En Genealogía de la moral, uno de los textos clásicos de la filosofía occidental, Friedrich Nietzsche caracteriza el nexo social en términos de la relación entre acreedor y deudor. Los integrantes de una sociedad disfrutan de la estabilidad, la protección social y una serie de privilegios con respecto al “extraño” a dicha comunidad.

Esta serie de privilegios impone por igual un conjunto de obligaciones o compromisos con respecto al orden social. Cuando un ciudadano se desentiende de estas obligaciones entra en una situación de deuda con el acreedor, la sociedad misma.

Desde la perspectiva de Nietzsche, la comunidad, como acreedor engañado, se empeñará en cobrar la deuda al infractor del orden social que con sus acciones atenta contra ella.

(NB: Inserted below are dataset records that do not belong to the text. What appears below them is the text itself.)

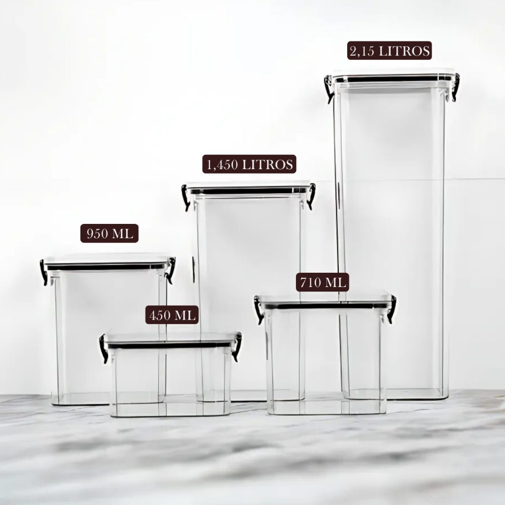 📦 Vantagens de Comprar um Kit de Potes Herméticos Optar por um kit de potes herméticos é uma escolha prática e inteligente para quem busca organização, economia e conservação de alimentos. Confira os benefícios: ✅ Vedação Total: Os potes herméticos possuem tampas com travas e anel de vedação que impedem a entrada de ar, mantendo seus mantimentos frescos por muito mais tempo. ✅ Organização e Visual Clean: Ao padronizar os potes, sua cozinha, armário ou despensa fica visualmente mais bonita e muito mais prática. ✅ Aproveitamento de Espaço: Com formatos empilháveis e tamanhos variados, os kits otimizam o uso do espaço, evitando desperdício de área nos armários. ✅ Versatilidade: Armazene desde grãos, farinhas, massas, até snacks, petiscos ou itens de limpeza — tudo com segurança e praticidade. ✅ Custo-benefício: Comprar em kit costuma sair mais em conta do que adquirir os potes individualmente, além de garantir uniformidade no design. ✅ Durabilidade: Fabricados em plástico resistente e livre de BPA, os potes têm longa vida útil e são seguros para uso alimentar. Se quiser, posso montar também descrições específicas para um e-commerce ou post nas redes sociais. É só me dizer o estilo que você prefere! Kit | Quantidade de Potes | Capacidade (por pote) | Dimensões do Kit (cm) Kit 1 | 4 Potes | 450 ml | 28 x 21 x 17 Kit 2 | 4 Potes | 750 ml | 26 x 16 x 29 Kit 3 | 4 Potes | 1 Litro | 27 x 15 x 32 Kit 4 | 4 Potes | 1,5 Litros | 45 x 15 x 28 Kit 5 | 4 Potes | 2,2 Litros | 26 x 35 x 26 Kit 6 | 5 Potes | — | 29 x 12 x 21 Kit 7 | 6 Potes | — | 44 x 34 x 14 Kit 8 | 6 Potes Grandes | — | 40 x 30 x 17 Kit 9 | 8 Potes | — | 25 x 26 x 24 Kit 10 | 10 Potes | — | 34 x 25 x 40 Kit 11 | 12 Potes | — | 25 x 25 x 40
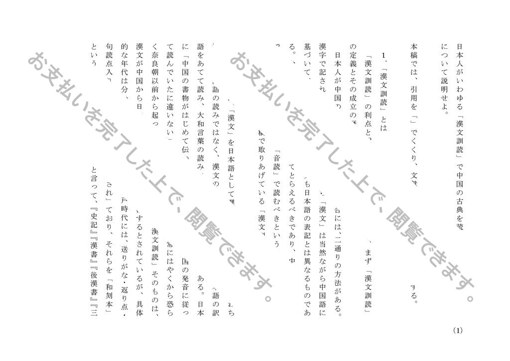 (1) 日 本 人 が い わ ゆ る 「 漢 文 訓 読 」 で 中 国 の 古 典 を 読 む 場 合 の 利 点 と 問 題 点 に つ い て 説 明 せ よ 。 本 稿 で は 、 引 用 を 「 」 で く く り 、 文 献 名 は 『 』 で く く る こ と と す る 。 1 . 「 漢 文 訓 読 」 と は 「 漢 文 訓 読 」 の 利 点 と 問 題 点 を 考 察 す る に あ た り 、 ま ず 「 漢 文 訓 読 」 の 定 義 と そ の 成 立 の 歴 史 に つ い て 論 じ て い く 。 日 本 人 が 中 国 の 古 典 で あ る 漢 文 ...
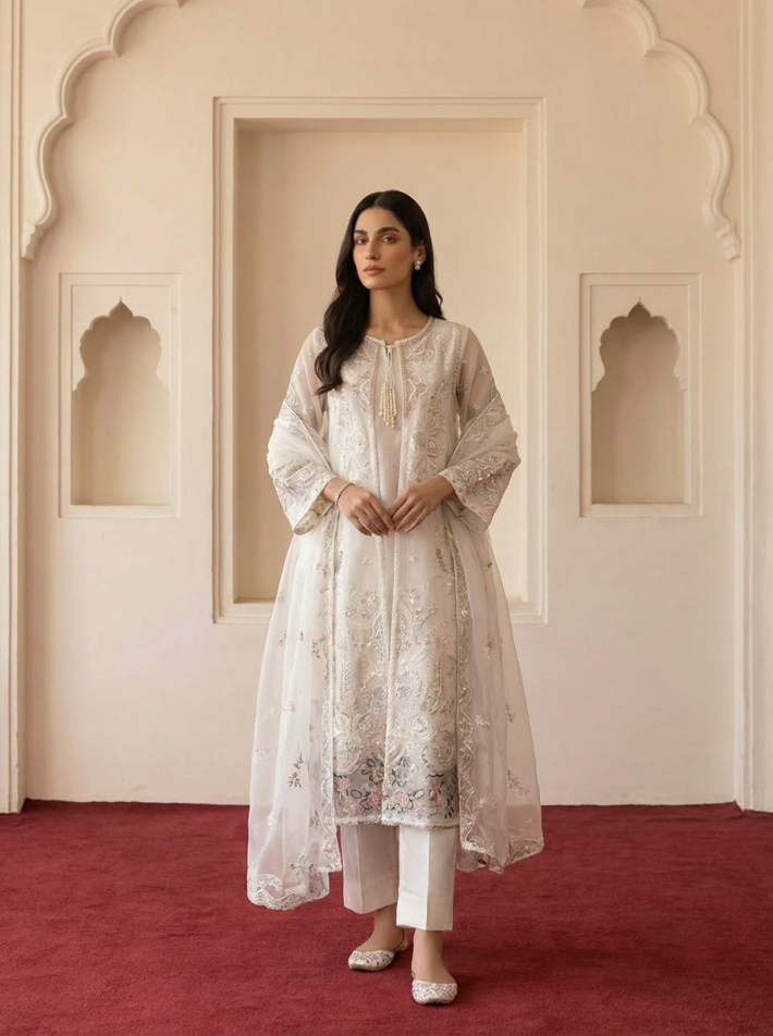 This elegant outfit is crafted from premium organza fabric, known for its sheer texture and graceful structure. The shirt is beautifully enhanced with intricate machine embroidery work, giving it a refined and luxurious appearance while maintaining a lightweight feel.
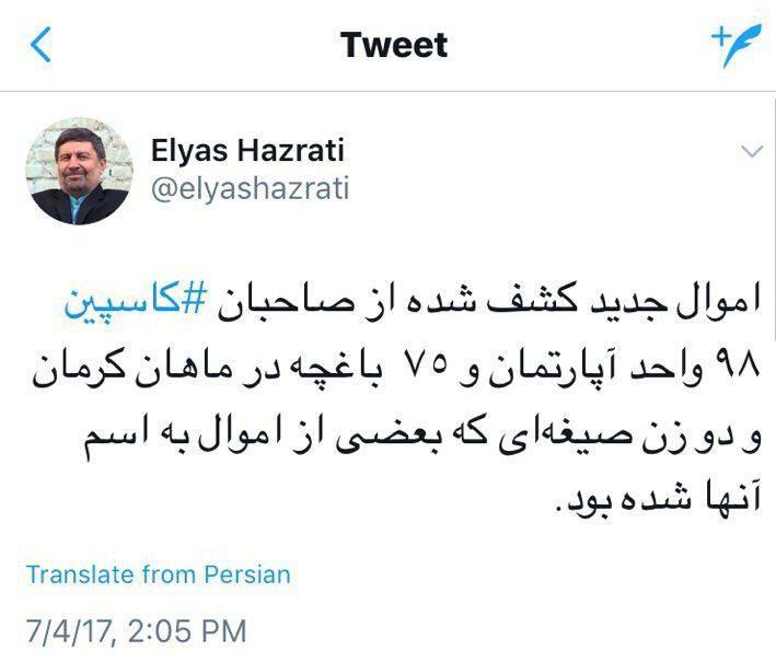 به گزارش جماران، حضرتی در توییتر خود نوشت: اموال جدید کشف شده از صاحبان کاسپین ۹۸ آپارتمان و ۷۵ باغچه و دو زن صیغهای که برخی از اموال به اسم آنها شده بود.

Ahora bien, según la perspectiva nietzscheana, las sociedades primarias e institucionalmente débiles cobran la infracción social con hostilidad, odio y crueldad. En las colectividades social e institucionalmente fuertes, se humaniza el cobro de la deuda, hasta el punto de que no es necesario el aniquilamiento del infractor, sino su readecuación al orden social una vez ha cumplido con el pago de su deuda.

Nietzsche sostiene que un indicador del poder de una sociedad es su capacidad para asimilar los daños causables por el infractor. Siguiendo este principio, nos dice que podríamos llegar al nivel donde una comunidad podría ser lo suficientemente fuerte para darse el lujo de la impunidad, de no cobrar las faltas al cuerpo social, como el individuo lo suficientemente rico puede darse el lujo de no cobrar una deuda monetaria.

Mirando el planteamiento desde un contexto latinoamericano, la postura resulta llamativa. En una sociedad como la nuestra, la dinámina es inversa. El orden social es débil y falla constantemente en su función de “acreedor”. De hecho, las instituciones se desarrollan sobre la base de una infracción constante del orden social, quien a pesar de no ser lo suficientemente fuerte para “acumular deudas”, lo hace, creando una cultura de la impunidad.

Es entonces donde se crean las condiciones para que cualquier ciudadano particular se convierta en el “acreedor”, ejerza el derecho a la violencia que compete al Estado y tome la justicia en sus manos.

La acumulación de las “deudas sociales”, de las constantes infracciones no cobradas contribuye a la conformación de una atmósfera psicológica favorable para que un individuo pueda decidir aniquilar a un infractor del orden social recibiendo el aplauso de un segmento significativo de la población, como ha ocurrido en las últimas semanas.

Entonces, se comienza a trazar un peligroso camino donde más señales invitan a cobrar personalmente las deudas. Es el inicio del trayecto casi irreversible hacia una sociedad de violentos acreedores, hacia la disolución del cuerpo social.